> **TASK INSTRUCTIONS**:
Take the entries that follow and return only the lines from the one with "ππππππ₯π¨π πππ‘π β€" through the final line, leaving every picture behind.

Top of GIVEN DATA

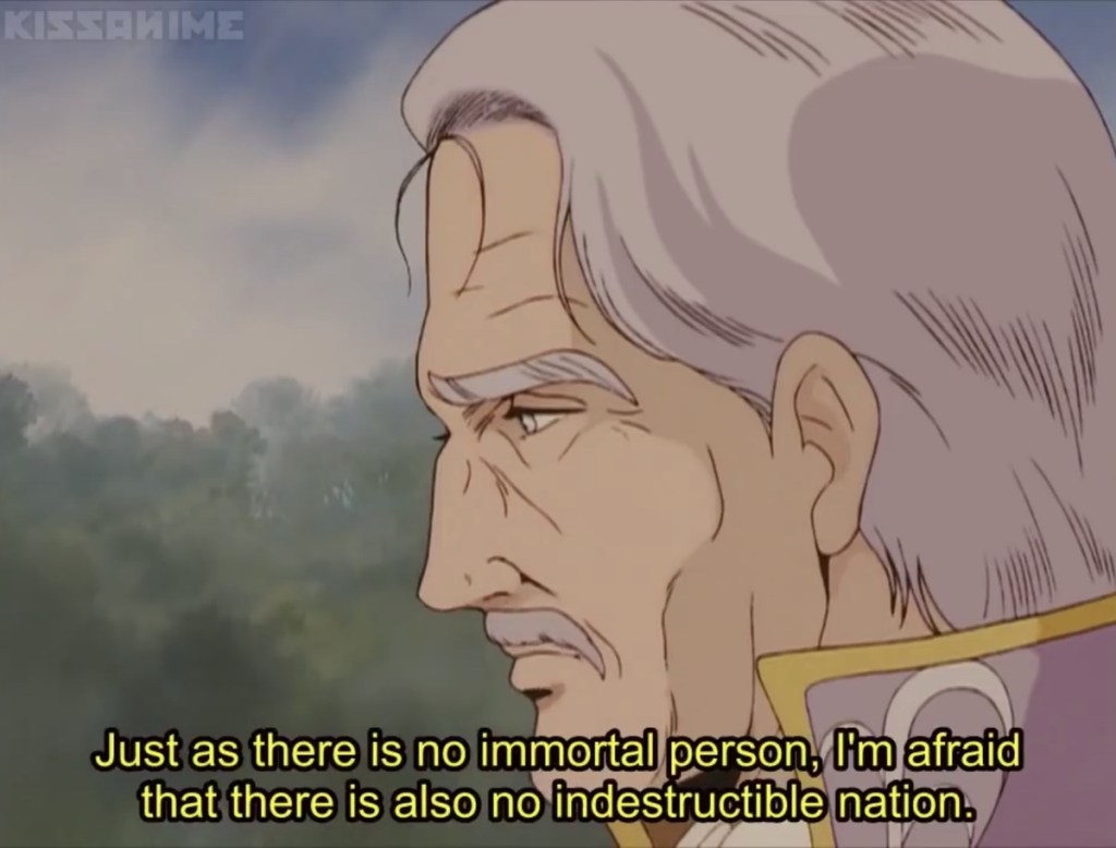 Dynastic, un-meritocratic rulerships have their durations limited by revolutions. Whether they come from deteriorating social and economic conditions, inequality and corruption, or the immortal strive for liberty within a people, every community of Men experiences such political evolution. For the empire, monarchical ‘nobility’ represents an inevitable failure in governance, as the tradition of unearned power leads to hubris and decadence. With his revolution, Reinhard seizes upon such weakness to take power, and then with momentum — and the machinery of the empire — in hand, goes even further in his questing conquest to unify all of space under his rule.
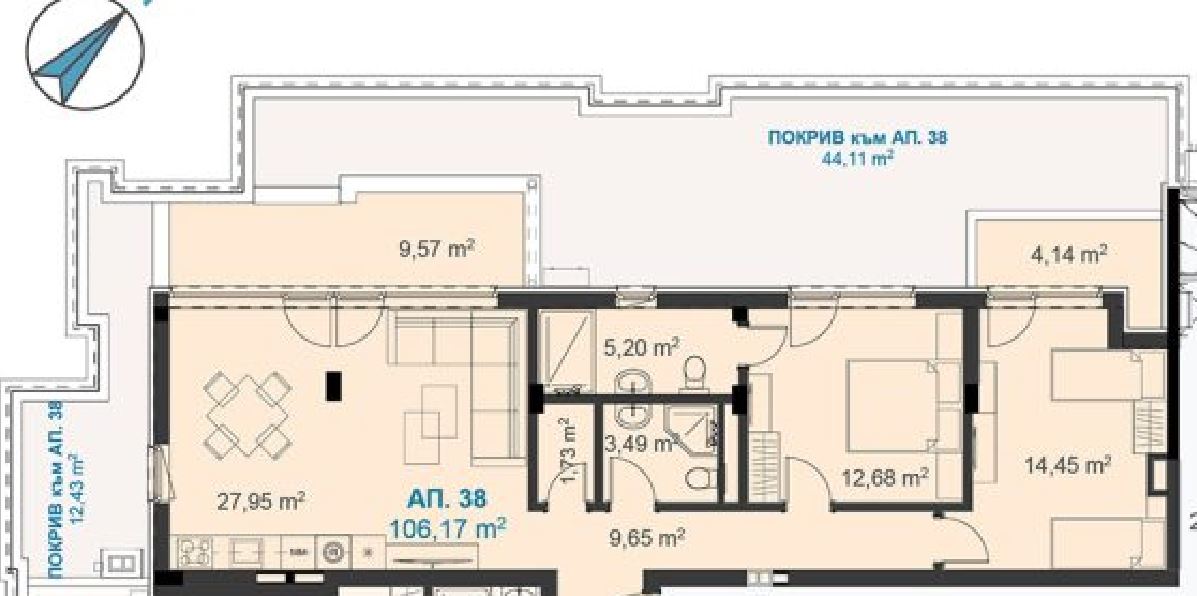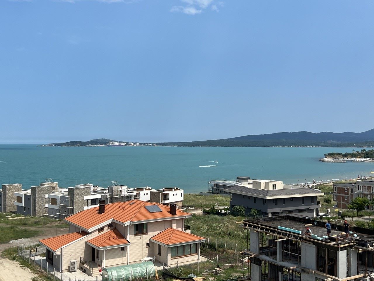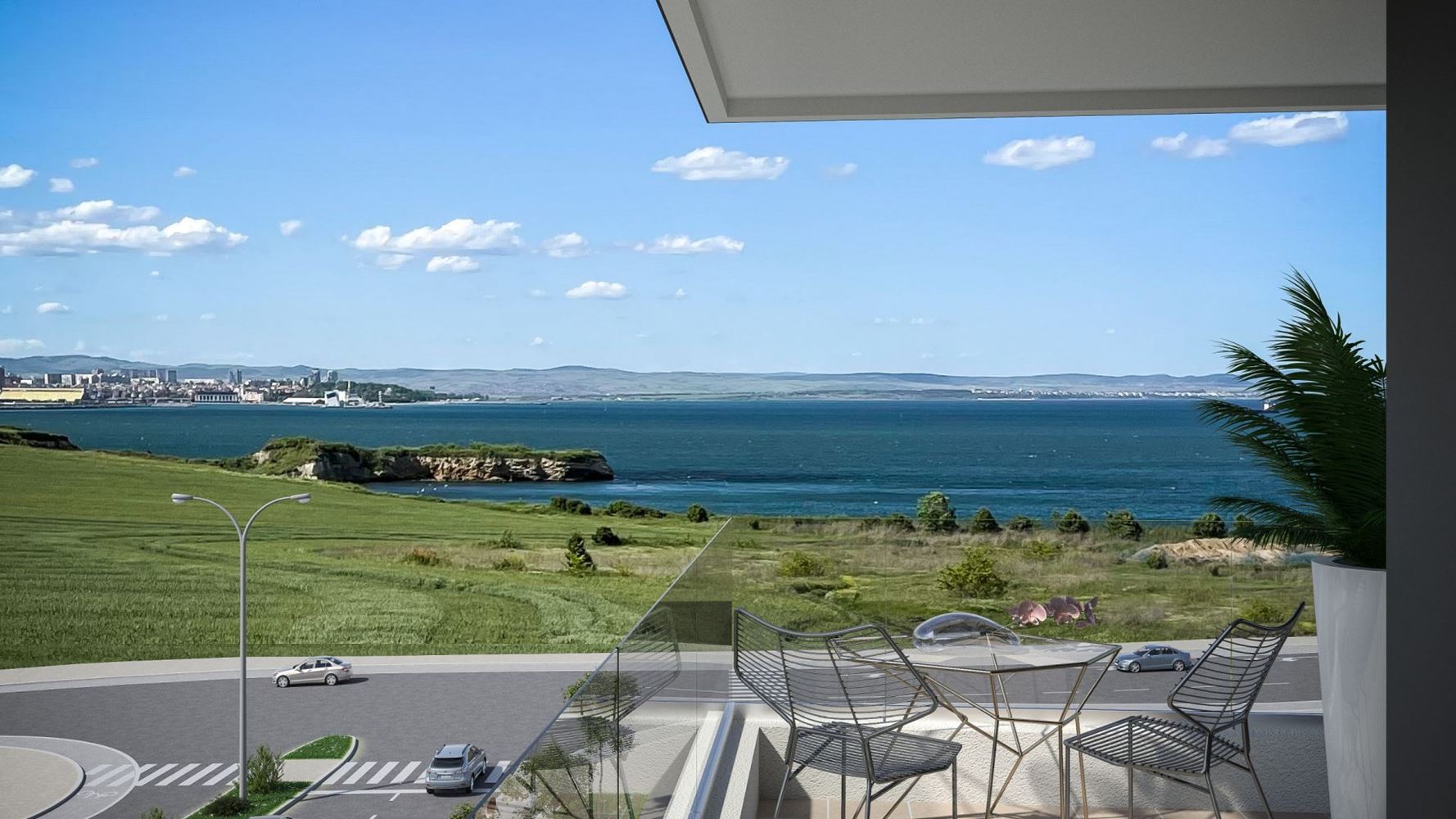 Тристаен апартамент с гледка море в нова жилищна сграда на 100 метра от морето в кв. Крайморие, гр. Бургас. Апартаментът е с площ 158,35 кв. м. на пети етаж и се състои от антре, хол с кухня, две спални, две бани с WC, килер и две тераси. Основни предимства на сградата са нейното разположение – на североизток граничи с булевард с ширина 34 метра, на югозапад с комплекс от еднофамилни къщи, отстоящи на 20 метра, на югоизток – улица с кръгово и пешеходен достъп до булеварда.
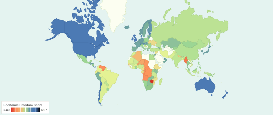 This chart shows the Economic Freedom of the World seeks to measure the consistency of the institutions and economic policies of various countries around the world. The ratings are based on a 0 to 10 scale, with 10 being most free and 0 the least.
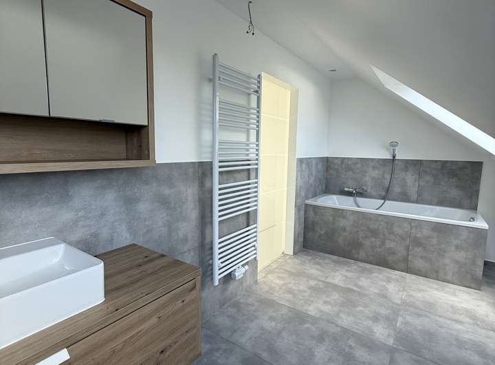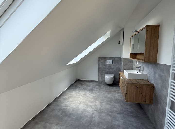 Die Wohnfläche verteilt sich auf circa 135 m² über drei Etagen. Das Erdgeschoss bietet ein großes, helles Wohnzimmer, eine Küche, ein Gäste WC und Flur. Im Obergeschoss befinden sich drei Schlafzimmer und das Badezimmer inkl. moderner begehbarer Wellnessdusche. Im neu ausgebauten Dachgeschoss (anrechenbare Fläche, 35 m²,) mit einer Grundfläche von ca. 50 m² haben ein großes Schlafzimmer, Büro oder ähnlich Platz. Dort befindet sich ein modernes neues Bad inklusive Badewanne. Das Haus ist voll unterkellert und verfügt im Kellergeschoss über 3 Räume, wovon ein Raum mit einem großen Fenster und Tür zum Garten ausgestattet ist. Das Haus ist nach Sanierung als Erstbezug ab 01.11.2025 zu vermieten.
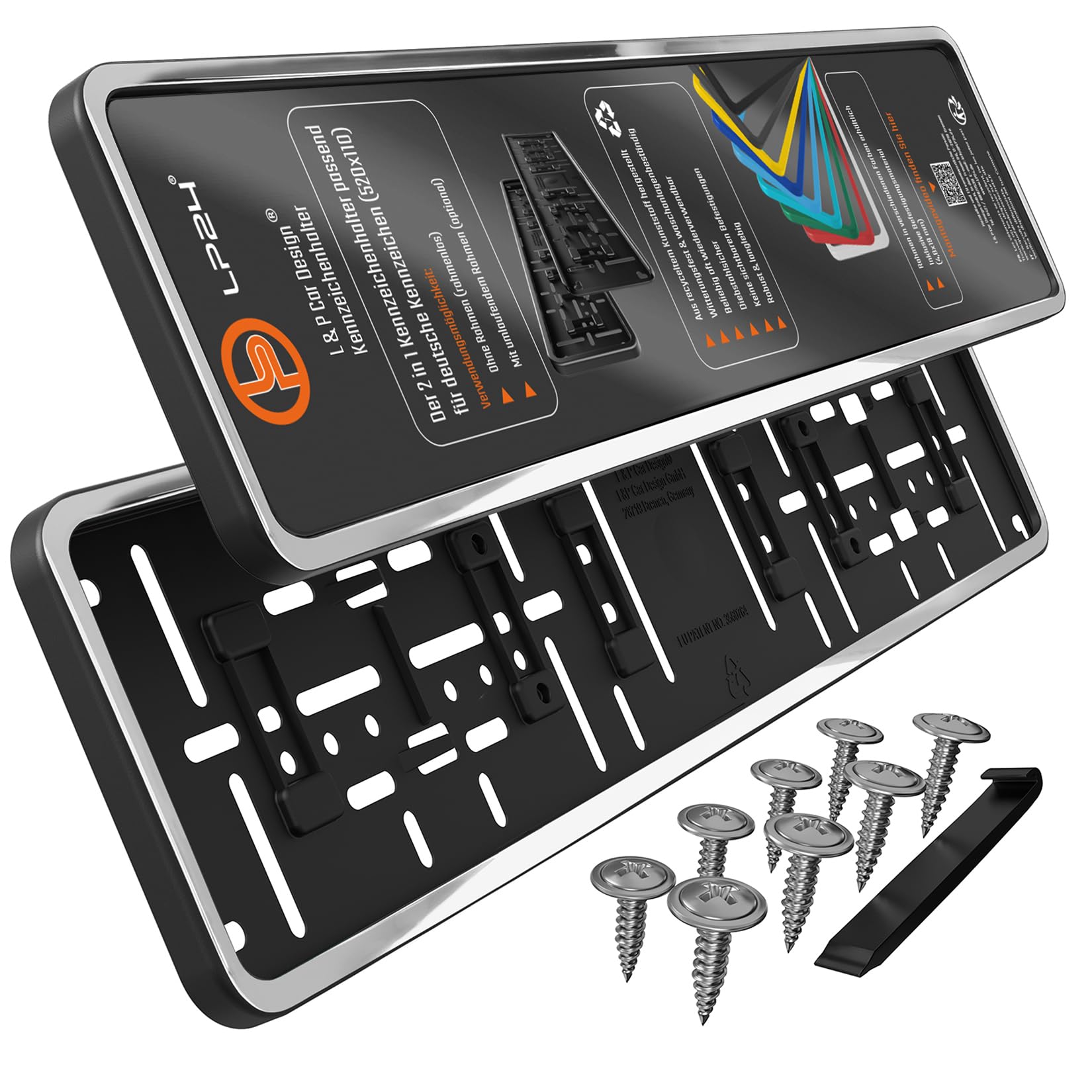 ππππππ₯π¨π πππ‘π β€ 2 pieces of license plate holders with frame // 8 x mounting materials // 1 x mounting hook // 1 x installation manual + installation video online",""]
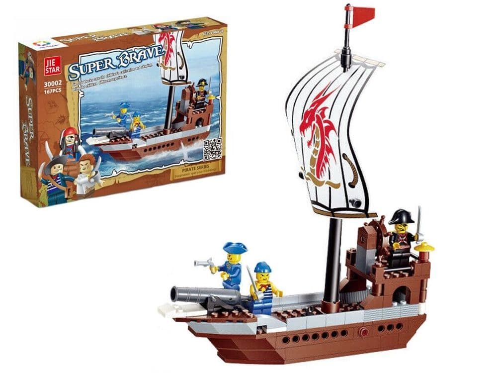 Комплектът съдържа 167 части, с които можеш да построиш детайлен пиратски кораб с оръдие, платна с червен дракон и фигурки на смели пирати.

Bottom of GIVEN DATA

> **EXERCISE SOLUTION**:
 ππππππ₯π¨π πππ‘π β€ 2 pieces of license plate holders with frame // 8 x mounting materials // 1 x mounting hook // 1 x installation manual + installation video online",""]
 Комплектът съдържа 167 части, с които можеш да построиш детайлен пиратски кораб с оръдие, платна с червен дракон и фигурки на смели пирати.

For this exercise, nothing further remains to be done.